▶ Provided material:
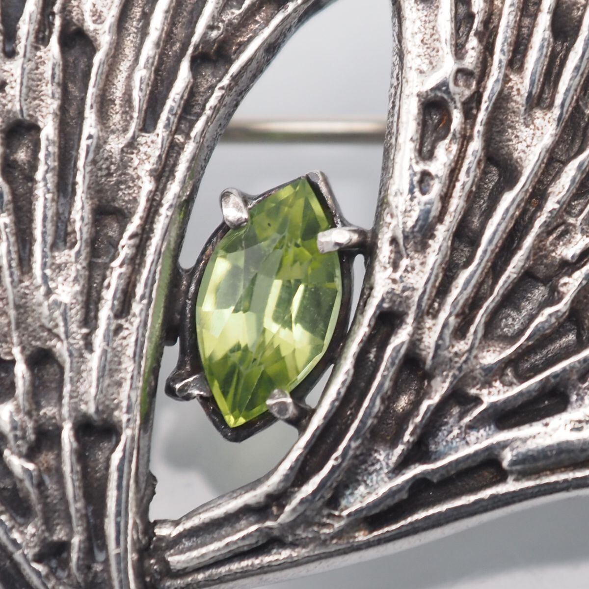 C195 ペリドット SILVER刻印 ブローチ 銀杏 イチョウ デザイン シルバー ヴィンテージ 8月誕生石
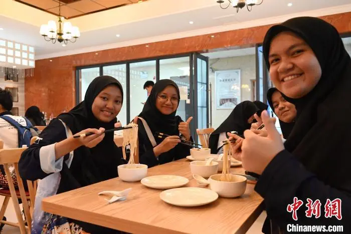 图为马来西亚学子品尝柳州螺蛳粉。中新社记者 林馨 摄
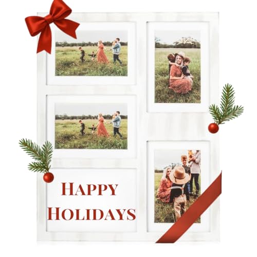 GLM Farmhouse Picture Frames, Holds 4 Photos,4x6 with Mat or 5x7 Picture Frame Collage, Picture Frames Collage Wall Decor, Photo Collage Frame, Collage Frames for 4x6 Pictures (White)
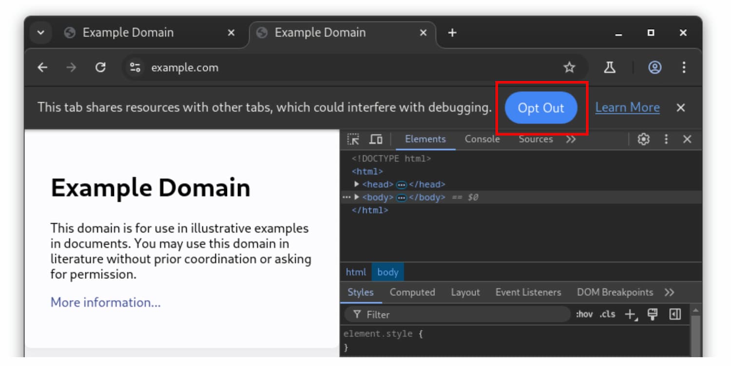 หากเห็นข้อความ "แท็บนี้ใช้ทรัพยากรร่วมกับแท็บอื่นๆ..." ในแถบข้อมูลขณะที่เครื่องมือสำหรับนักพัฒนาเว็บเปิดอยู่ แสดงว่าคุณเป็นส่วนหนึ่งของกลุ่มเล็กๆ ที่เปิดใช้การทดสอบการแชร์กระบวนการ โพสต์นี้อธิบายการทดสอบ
* * *
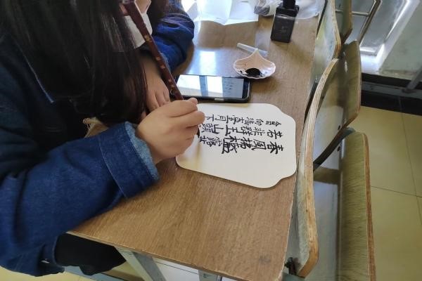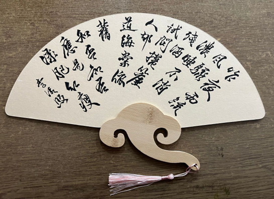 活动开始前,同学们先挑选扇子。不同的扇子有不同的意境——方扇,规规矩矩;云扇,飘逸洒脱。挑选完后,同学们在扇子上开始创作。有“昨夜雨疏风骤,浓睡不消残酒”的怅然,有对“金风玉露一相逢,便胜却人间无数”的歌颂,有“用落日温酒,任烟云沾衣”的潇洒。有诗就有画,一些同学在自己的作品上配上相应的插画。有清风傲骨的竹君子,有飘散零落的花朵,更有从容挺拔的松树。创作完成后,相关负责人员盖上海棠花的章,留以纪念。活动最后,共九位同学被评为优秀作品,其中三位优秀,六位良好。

▶ Your task: Nothing but the lines above from the line with "C195 ペリドット SILVER刻印" up to and including the line with "GLM Farmhouse Picture" should be returned, exactly as written and without pictures.

▶ Reply to the task:
 C195 ペリドット SILVER刻印 ブローチ 銀杏 イチョウ デザイン シルバー ヴィンテージ 8月誕生石
 图为马来西亚学子品尝柳州螺蛳粉。中新社记者 林馨 摄
 GLM Farmhouse Picture Frames, Holds 4 Photos,4x6 with Mat or 5x7 Picture Frame Collage, Picture Frames Collage Wall Decor, Photo Collage Frame, Collage Frames for 4x6 Pictures (White)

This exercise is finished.